One of the possible reasons why the first group is still in the latent stage is ages since they are not as old as the last two. In spite of the fact that the concrete covers of the selected bridges vary between 22.5mm (underside slab) and 45-55 mm (side beams), chloride penetration level were not as deep as expected. This may be attributed to high architectural and building standards being observed in the Swedish construction sector. In addition, the chloride penetration level is perplexing given the high amount of salts used during the winter season for deicing. The observable cracks in a number of these bridges are because of mechanical factors and not chemical factors.

Discussion

Crazannes Sparite (CR)

Previous studies have shown that the chemical and physical weathering mechanisms that facilitate the development of the alveoli are correlated with environmental and topographical conditions, and lithology of the rocks (Turkington 1998; Rodriguez-Navarro & Dohene 1999). The outcomes from SEM reveal that weathering in Crazannes is caused by the physical and chemical mechanisms (i.e. Salt crystallization and cement dissolution) that result in granular disintegration and eventually alveolar weathering. A comparison of the petrographic attributes of decayed and fresh stones reveals that cement dissolution is caused by sea-salt spray. This is because the researchers did not observe any dissolution in the fresh stones in the quarry (Cardell et al., 2003, p. 175).
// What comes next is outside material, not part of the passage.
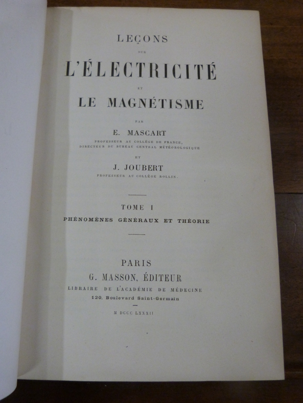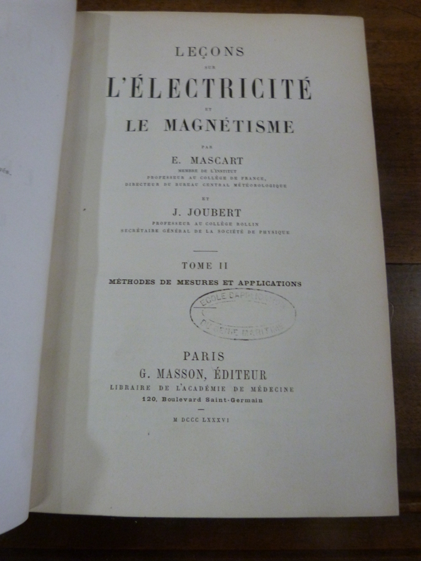 Paris, Masson, 1882-1886. 2 volumes in-8, demi basane époque, dos lisse ornés de filets dorés, titre doré, mention dorée "Ecole du génie maritime" en pied. Faux-titre, titre, II, 736 pp; faux-titre, titre, 875 pp. Ouvrage illustré de nombreuses figures in-texte. Etiquettes aux dos, tampons sur le faux-titre du tome I et le faux-titre et titre du tome II, coiffes, dos et mors frottés.
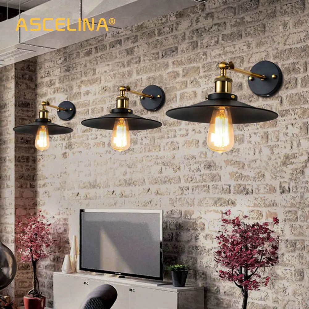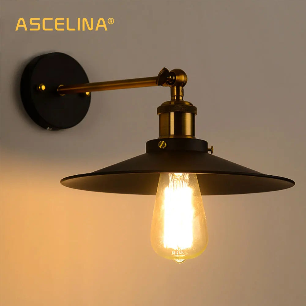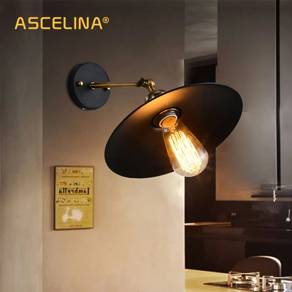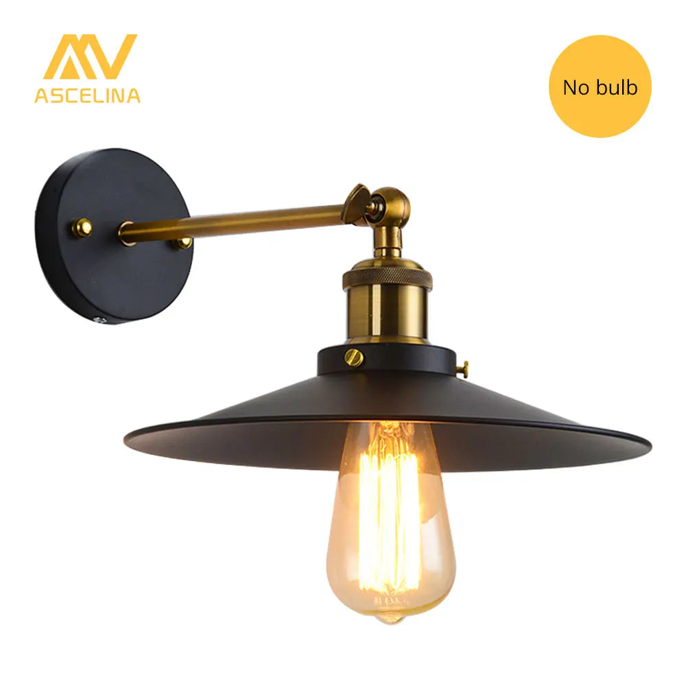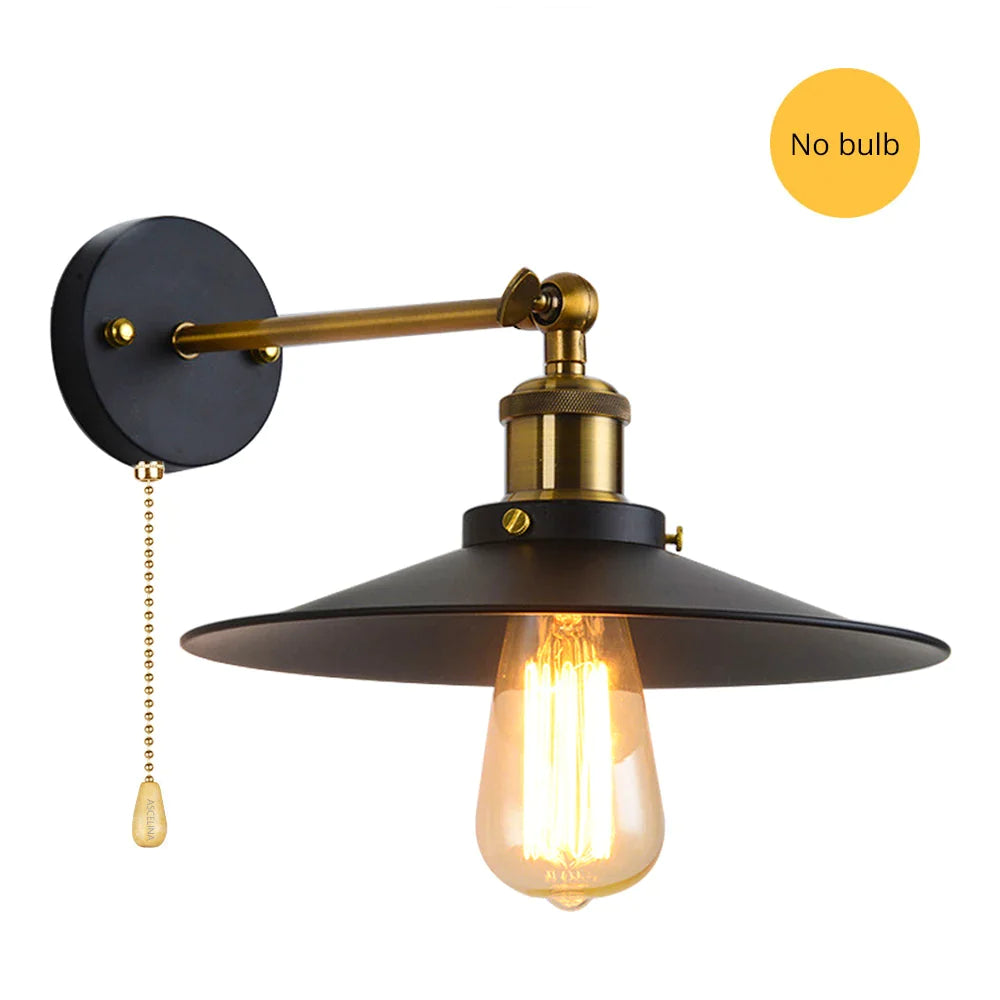 Afralia™ Vintage Industrial Wall Sconces Metal Lampshade Bedside Light E27 Bulbs

The dissolution of carbon cement results in a well-linked porous network that augments total porosity. As a result, the saline solution flows deeper into the interior of the stone. Thus, the amount of saline solution that flows inward in fresh stones is less than in the Crazannes sport. The rate of evaporation is directly related to the total porosity. Thus, an increase in total porosity augments the inward flow of saline solutions via capillary action. The SEM observation reveals a higher presence of salts in the interior parts of the Crazannes sparite compared to La Pallice micrite. This finding is in concurrence with the findings by Cardell et al (2002) who measured the depth, salt content and porosity of calcareous stones (Cardell et al., 2003, p. 175).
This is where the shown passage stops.